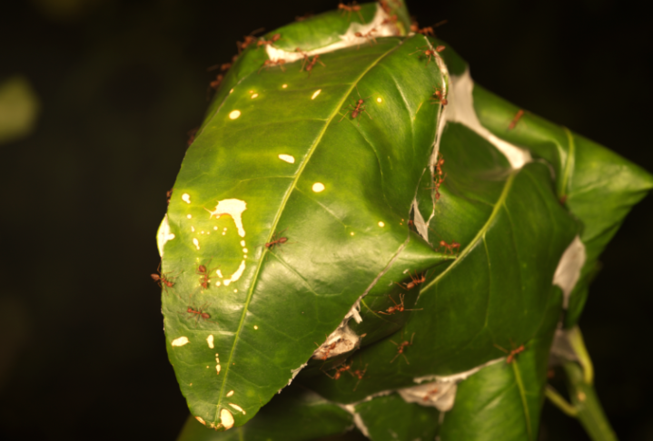 黄猄蚁是可爱爬高的,这对它们也并不是什么难事。它们爬到树上织成叶巢,是以古东谈主才调连巢带叶地给它们摘下来出售。这种巢不错相当大,和大个子的胡蜂巢差未几,由一派片树叶粘在沿途。粘的时候是崭新树叶,其后造成枯叶也不影响使用。这个工程据说是这么的:工蚁先用上颚咬住叶片,把它们揪到沿途,然后举着幼虫当胶水瓶——让幼虫吐出黏液来粘住叶片。嗯,这种“童工”的故事,如今在东谈主类视角里能够是没什么共识了吧……
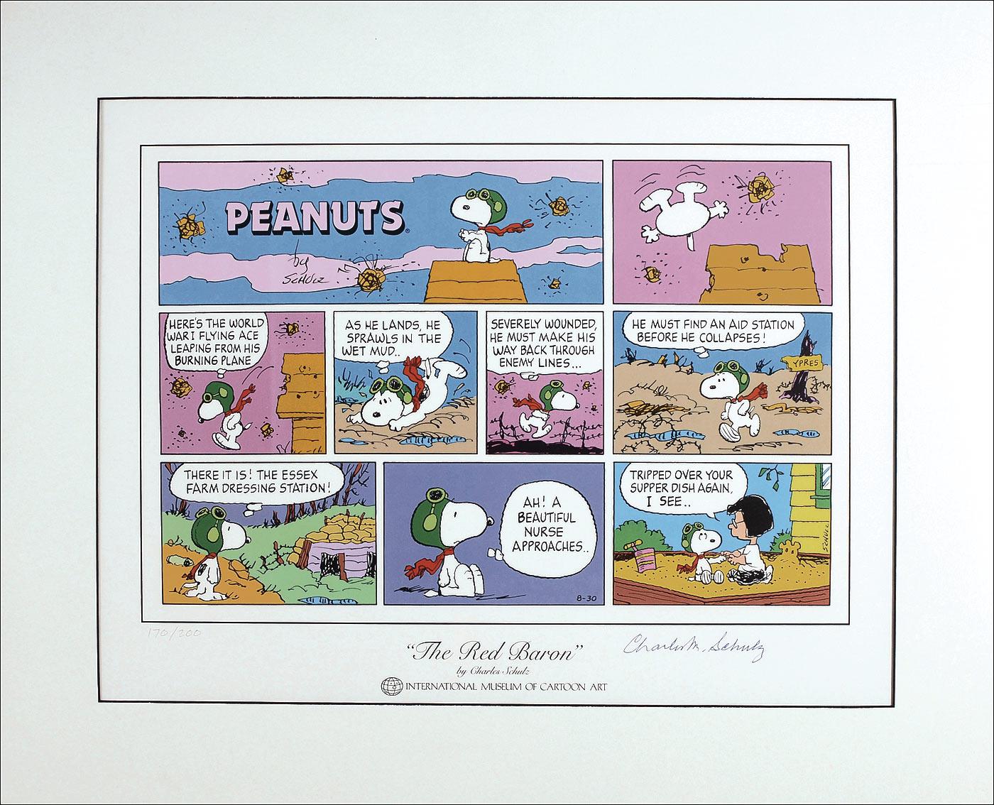 Limited edition color 18 x 13.5 print entitled “The Red Baron,” #170/200, depicting a nine-panel Peanuts sunday strip of Snoopy as the Red Baron, signed in blue ballpoint. Matted to an overall size of 23 x 18.5. In very fine condition. RRAuction COA.
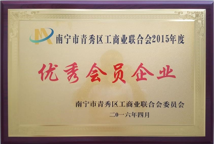 廣西貝森科技有限公司榮獲南寧市青秀區(qū)工商業(yè)聯(lián)合會(huì)授予的2015年度“優(yōu)秀會(huì)員企業(yè)”稱號(hào)
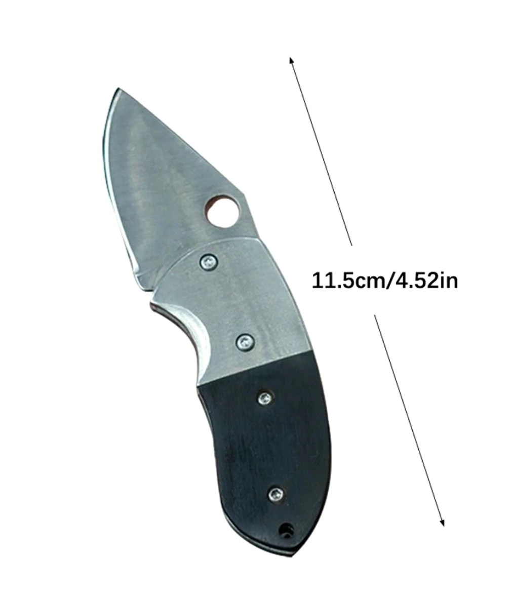 Mini cuțitul nostru de buzunar este conceput pentru funcționalitate maximă într-o dimensiune compactă. Plierea ușoară îl face extrem de practic și întotdeauna gata de utilizare. Lungimea totală a cuțitului este de 11,5 cm, ceea ce îl face un instrument ideal pentru transportul zilnic.
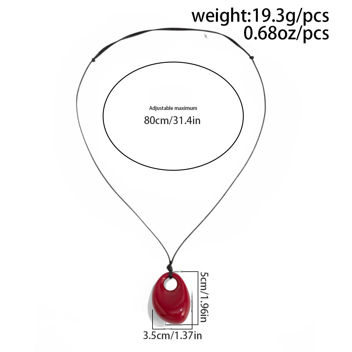 Bring a bold pop of color to your outfit with this red resin oval pendant necklace, suspended on an adjustable black cord. The fusion of earthy tones and vibrant resin creates a striking boho aesthetic that suits beachwear, casual ensembles, or artistic looks. A perfect accessory for free-spirited souls who love unique, handcrafted details.
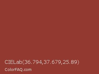 CIELab 36.794,37.679,25.89 Color is a normal red color and the nearest color is El Salva #8f3e33. Hex code #94392f and RGB value is rgb(148,57,47). In RGB color space, this color is composed of 58% red, 22% green, 18% blue, In CMYK color space, this color is composed of 0% cyan, 61% magenta, 68% yellow , 42% black , In HSL color space, this color has a hue angle of 6° , 52% saturation and 38% lightness.
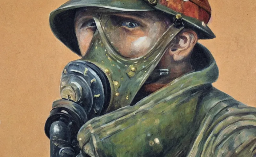 portrait of ww 1 soldier with gas mask, dripping paint fibonacci rhythm ar
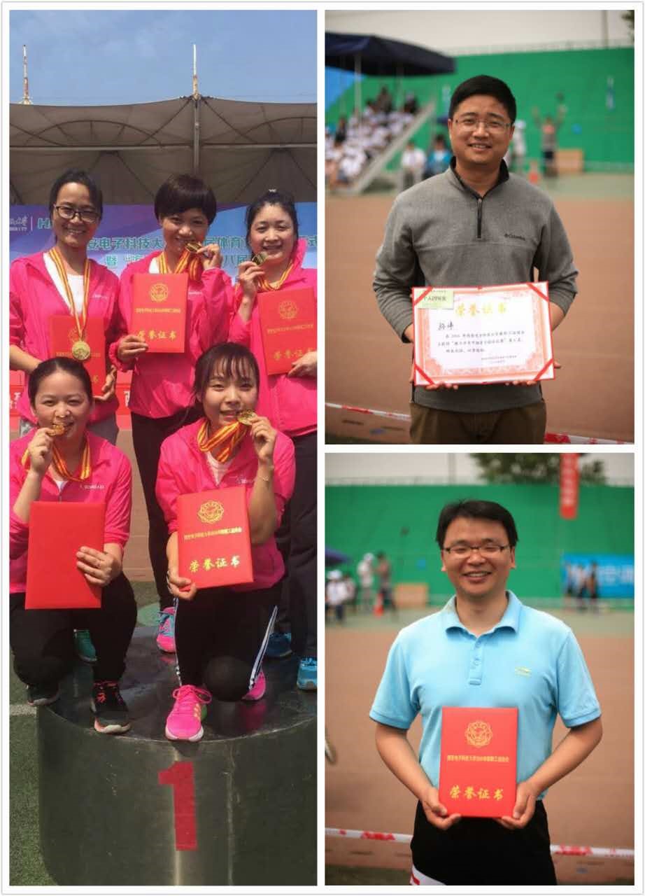 除了别具一格的开幕式表演,空间学院的师生在本次运动会上取得的成绩也同样令人自豪。在教师女子4×100米接力比赛中公司获得第一名的好成绩,第一棒,第二棒,老师们渐渐逼近终点,她们斗志昂扬,一鼓作气摘得桂冠。场边整齐的加油呐喊声震耳欲聋,颁奖台上的骄傲和自豪溢于言表。

###

# [TASK ITEM]
Output only the lines running from the top of the data above to the line with "廣西貝森科技有限公司榮獲南寧", inclusive, word for word and without pictures.

# [RESPONSE AREA]
 黄猄蚁是可爱爬高的,这对它们也并不是什么难事。它们爬到树上织成叶巢,是以古东谈主才调连巢带叶地给它们摘下来出售。这种巢不错相当大,和大个子的胡蜂巢差未几,由一派片树叶粘在沿途。粘的时候是崭新树叶,其后造成枯叶也不影响使用。这个工程据说是这么的:工蚁先用上颚咬住叶片,把它们揪到沿途,然后举着幼虫当胶水瓶——让幼虫吐出黏液来粘住叶片。嗯,这种“童工”的故事,如今在东谈主类视角里能够是没什么共识了吧……
 Limited edition color 18 x 13.5 print entitled “The Red Baron,” #170/200, depicting a nine-panel Peanuts sunday strip of Snoopy as the Red Baron, signed in blue ballpoint. Matted to an overall size of 23 x 18.5. In very fine condition. RRAuction COA.
 廣西貝森科技有限公司榮獲南寧市青秀區(qū)工商業(yè)聯(lián)合會(huì)授予的2015年度“優(yōu)秀會(huì)員企業(yè)”稱號(hào)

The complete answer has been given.